Added: I just noticed you said one of the tests is a "gold standard." In that case your "gold standard" result is not considered to have error variance--its results are "truth." So after expanding Proportions, select "one sample" and select the test you want. (You cannot calculate sample size for the binomial test, so don't select that.)

Dear Clyde, thank you very much for your quick reply.
However, I am still a bit confused by the fact that NPV is defined through prevalence of the disease and specificity, and these two do not get to be included in the sample size calculation. Essentially, by using one sample score test comparing one proportion to a reference value, the return value will be how many people I need to recruit with a negative screening test result to achieve the pre-specified NPV against a ref value (and for a given significance level and power). That doesn't tell me how many people I need to recruit in total, given prevalence of the disease.

Many thanks for your help

Georgia,
As Clyde mentioned, it is not clear if you are using a case-control design. Is your project a case–control study with subjects drawn from the population?
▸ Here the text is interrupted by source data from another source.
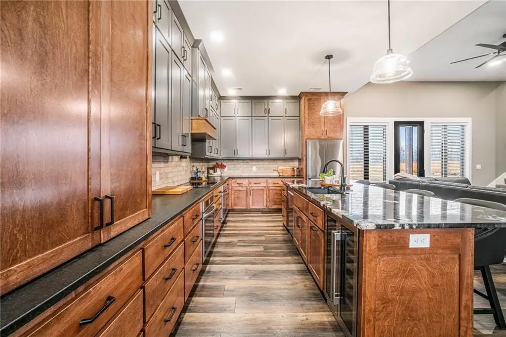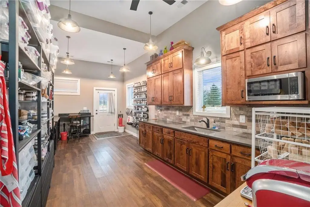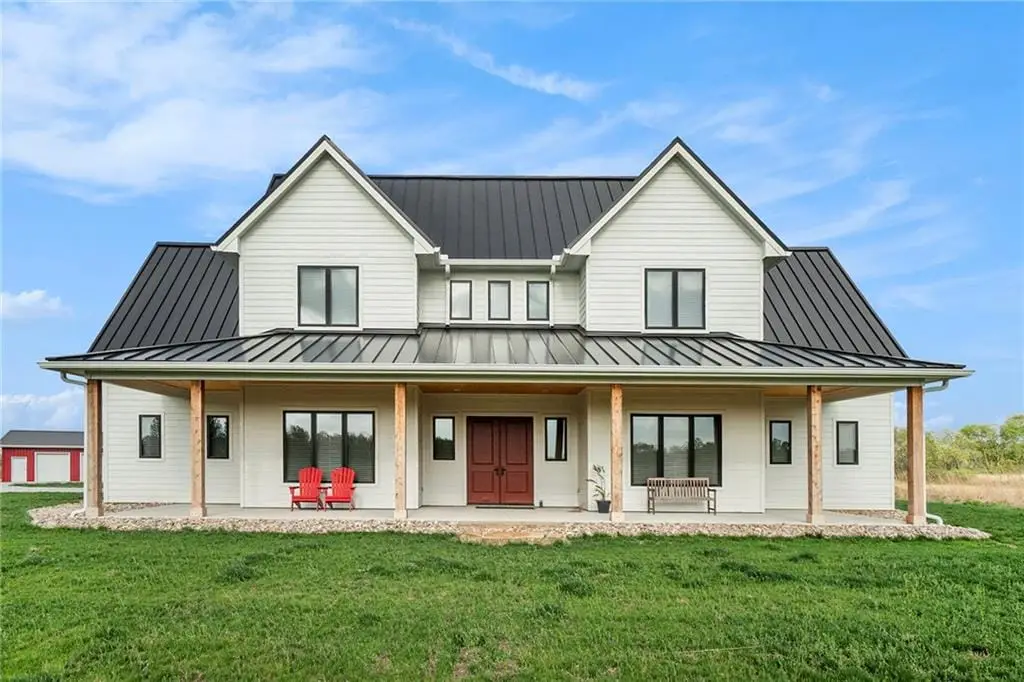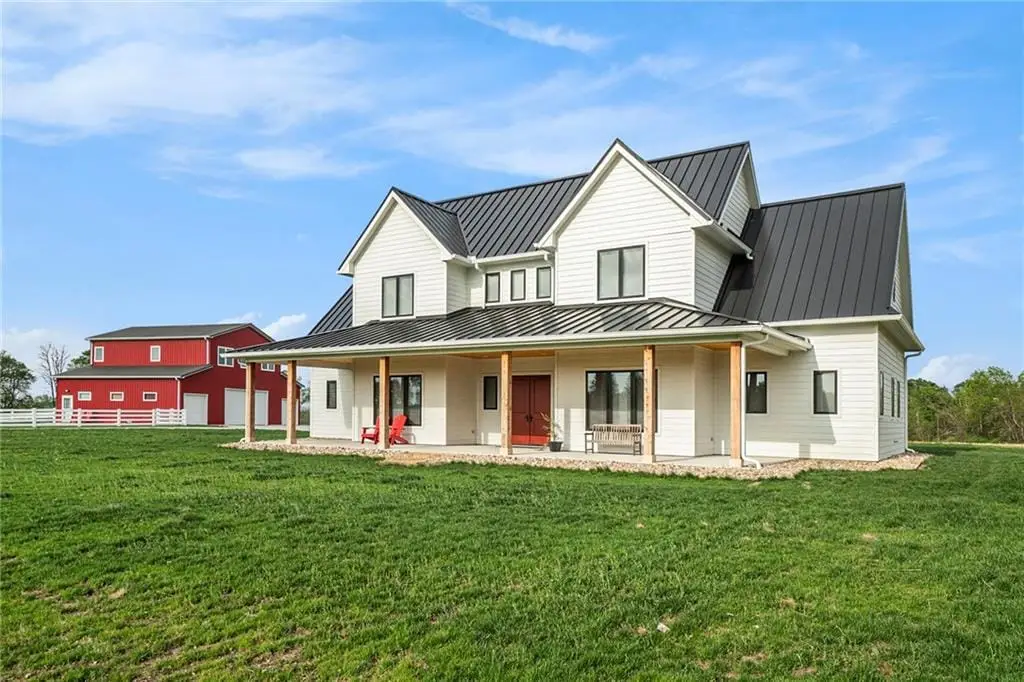 Just six months young, this breathtaking 3270 sq. ft. 1.5-story custom-built home is ready to impress! Nestled on a sprawling 20.75+/- acres, this property is an outdoor lovers paradise, offering endless opportunities for adventure. Designed with comfort and efficiency in mind, the home features geothermal heating and cooling, luxury vinyl plank flooring throughout, and built-in decorative shelving and cabinetry in the living room. The exceptional chef's kitchen boasts two-toned cabinets, built-in stainless steel appliances, an oversized island with exotic stone countertops, a walk-in pantry, and a spacious dining area. A large laundry/mudroom conveniently connects the kitchen and garage. The primary suite, located on the main level, is a true retreat with a spa-like ensuite featuring a walk-in shower, soaking tub, dual vanities, and an expansive 6x16 walk-in closet. Also on the main level is a dedicated office, perfect for remote work. Upstairs, four generously sized bedrooms, two full bathrooms, and a loft area create an ideal space for kids or guests, perfect for gaming, studying, or hanging out.Need additional living space? The big red barn includes finished living quarters upstairs, offering approximately 1,580 sq. ft. of space, complete with a living room, kitchen, dining area, two bedrooms, 1.5 bathrooms, an office, and an impressive garage/workshop area for vehicles, tools, and toys. Additionally, a detached two-car garage provides extra storage for gardening tools or the perfect setup for a He/She Shed entertainment space. This signature property, proudly presented by the Eric Craig Real Estate Team, is a rare find. Don't wait - schedule your private showing today!
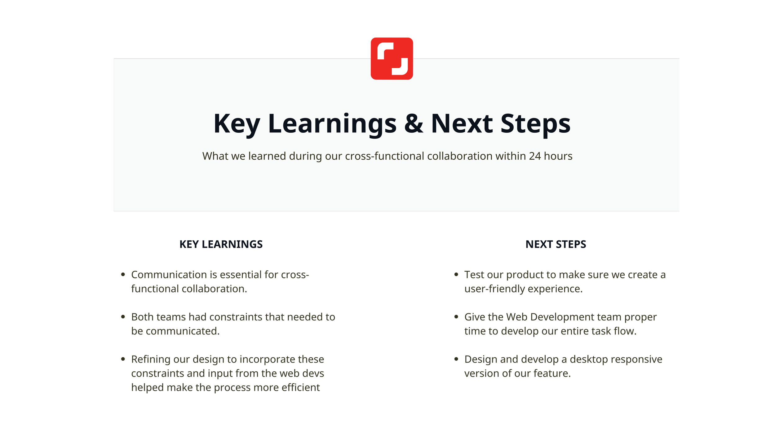 After handing off our wireframes we finalized our presentation and prepared ourselves to present. We learned a lot from each other in those 24 hours. Our key learning and next steps are as follows:
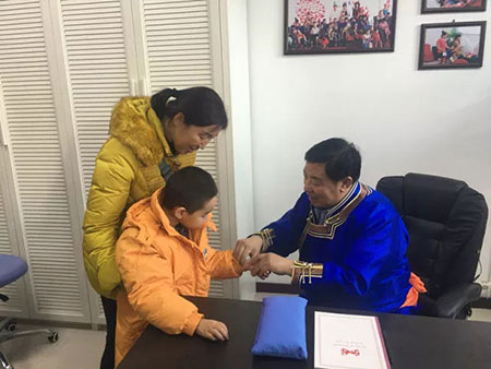 ????得道多助,2017年12月,在作為首屆全國(guó)文明家庭的代表參加表彰時(shí),賈秀芳結(jié)識(shí)了來自內(nèi)蒙古的文明家庭代表草原醫(yī)生王布和。去年12月12日,在她的邀請(qǐng)下,王布和第二次到康復(fù)中心為孩子們義診,許多接受過一次義診的孩子在飲食睡眠方面都有了明顯改善?!坝辛怂膸椭夷転楹⒆觽冏龅酶??!辟Z秀芳說。
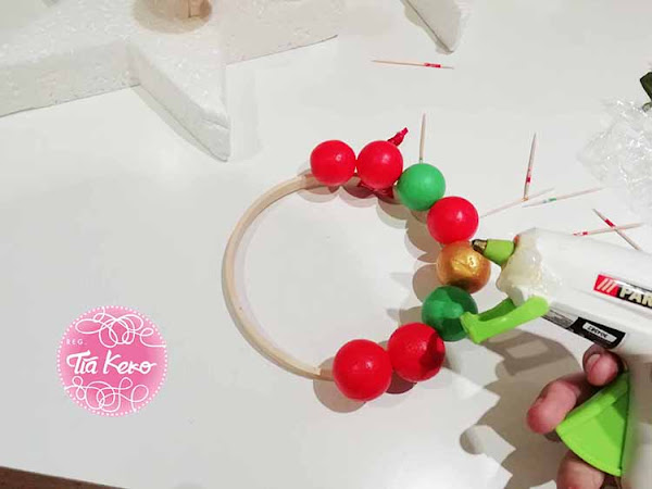 Y comenzamos a pegar las bolas en el círculo de madera con la pistola de silicona, por dentro del círculo, pro fuera, jugando con los tamaños y colores como se nos ocurra. Este paso puede ser muy divertido para los niños.
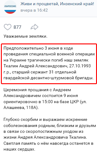 Старший сержант #31одшбр Андрей Александрович Ткалин, 1993 г.р. из города Инза Ульяновской области скоропостижно ушёл в Украине хз, когда, ну, пусть будет 03.06.22. Та похер когда он подох, главное что подох!
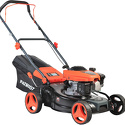 Колесная газонокосилка , бензиновый 4х тактный двигатель, 123 см³, 3.5 л.с., тормоз двигателя, ширина скашивания 42 см, регулировка высоты скашивания (30-75 мм), функция мульчирования жесткий травосборник,23 кг
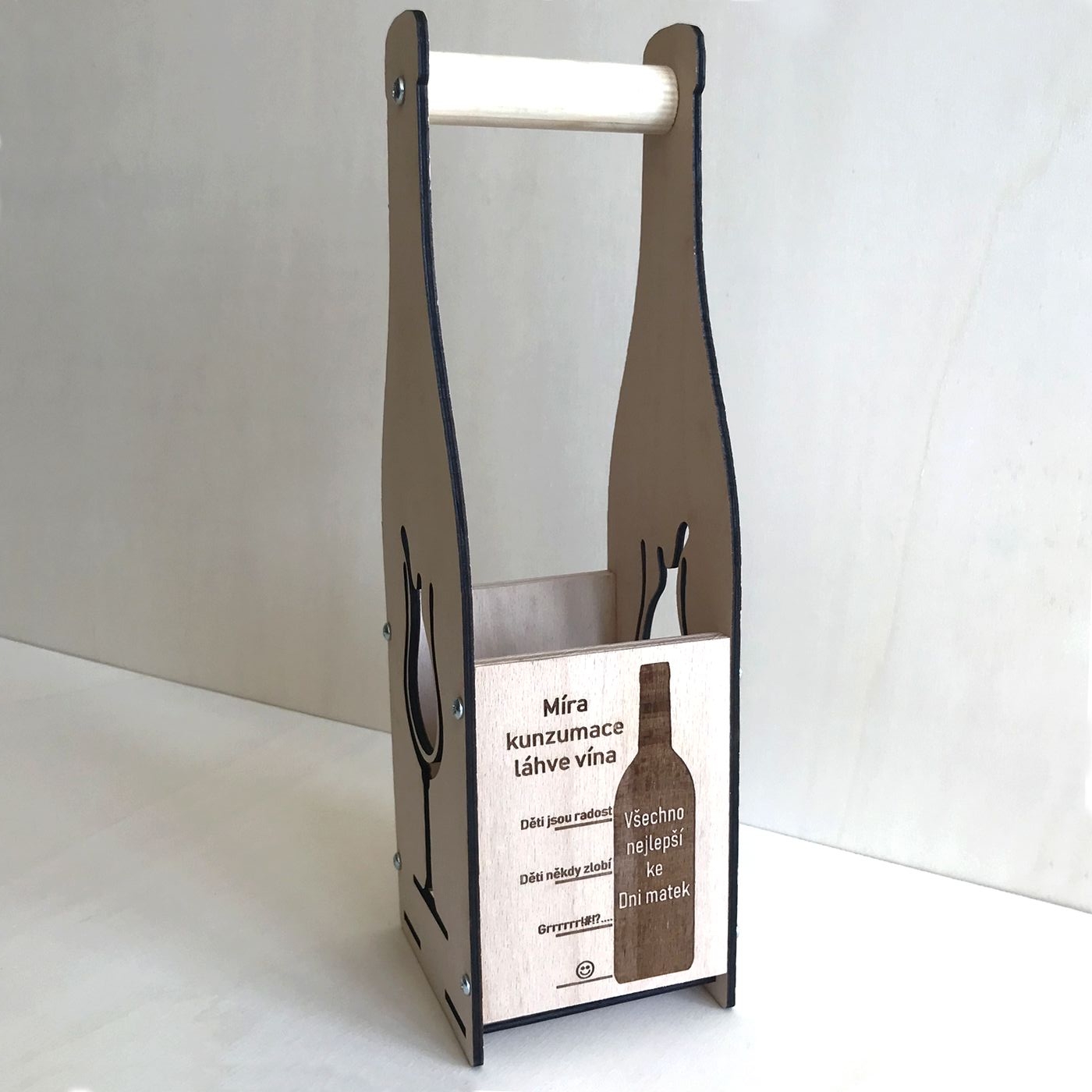 Dřevěná bedýnka na víno ke Dni matek. Do bedýnky pasují všechny běžné druhy lahví (o maximálním průměru 100mm a výšce 330mm). Lahev s vínem není součástí produktu. Vhodný dárek ke Dni matek pro milovnice vína. :-)
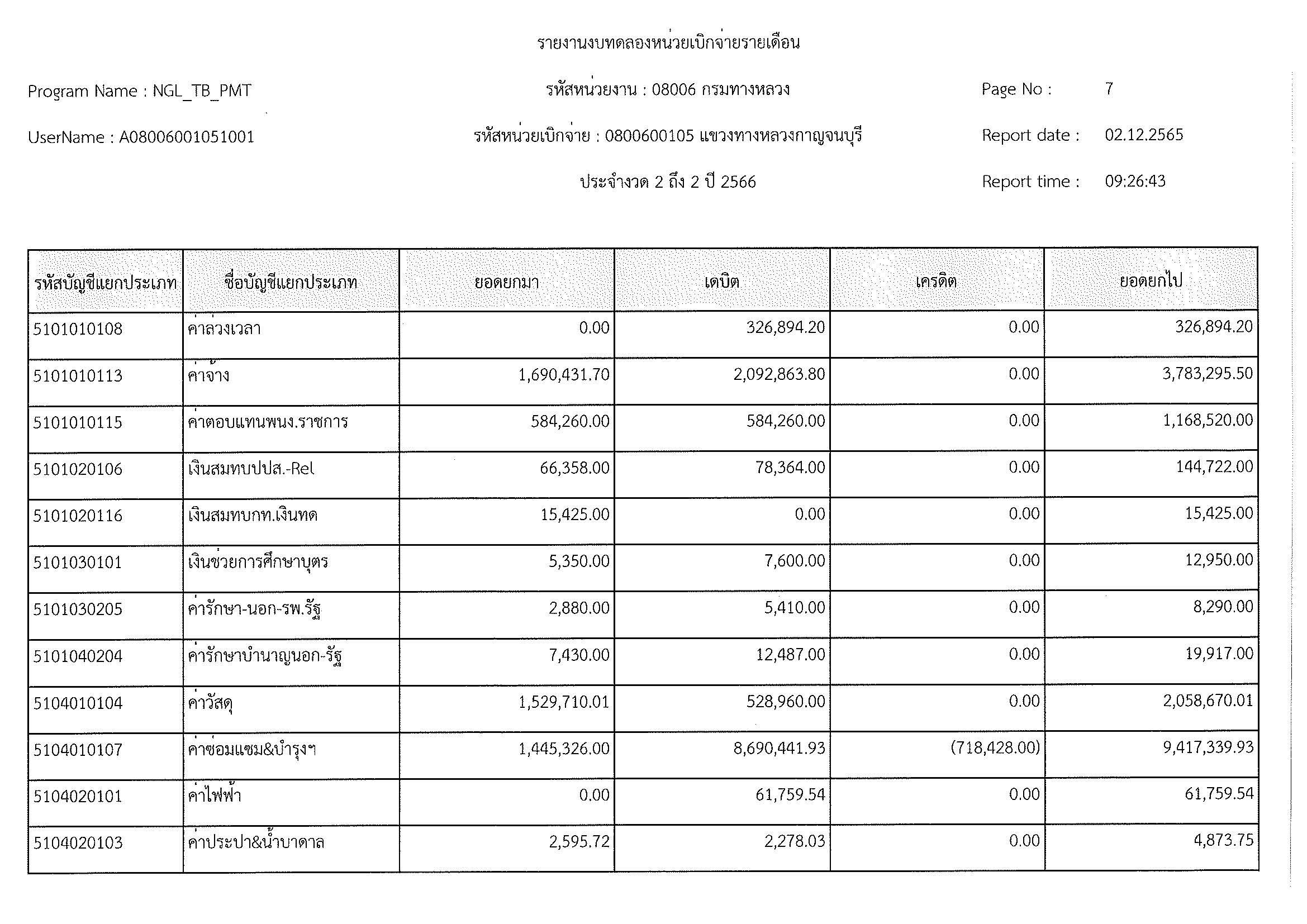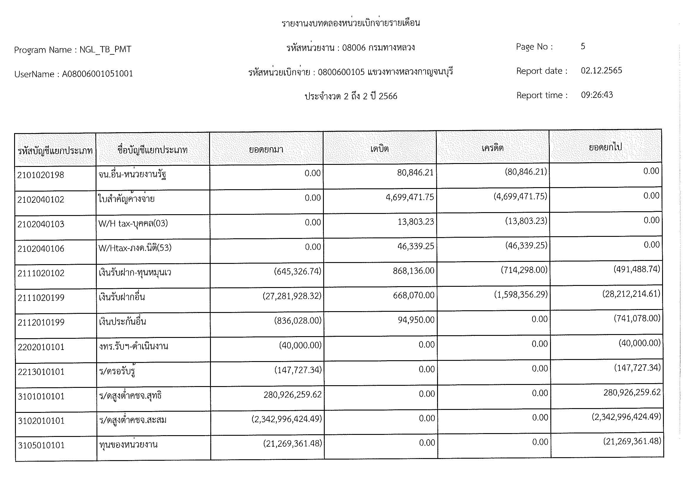 ข้อมูลข่าว : รายงานงบทดลอง เดือนพฤศจิกายน 2565

If not (e.g., a cross-sectional study), what is wrong with Monte Carlo simulation with a focus on precision (and not on power)?

Yes, that is one way of thinking about NPV. But it is simpler to think of it as just True Negatives/(True Negatives + False Negatives).

If you compare your non-gold-standard NPV value to a specified goal (Null) value using a one-sample power calculation, the result you get will be the total number of people you have to test to get your desired level of power for the desired level of Type 1 error. Now, this assumes that you are sampling from the same population for which the gold standard test was originally validated, or at least a population with the same prevalence. But, really, if you are sampling from a population with a different prevalence, equivalence of the NPV is, if not utterly meaningless, very difficult to interpret because NPV's are very sensitive to disease prevalence.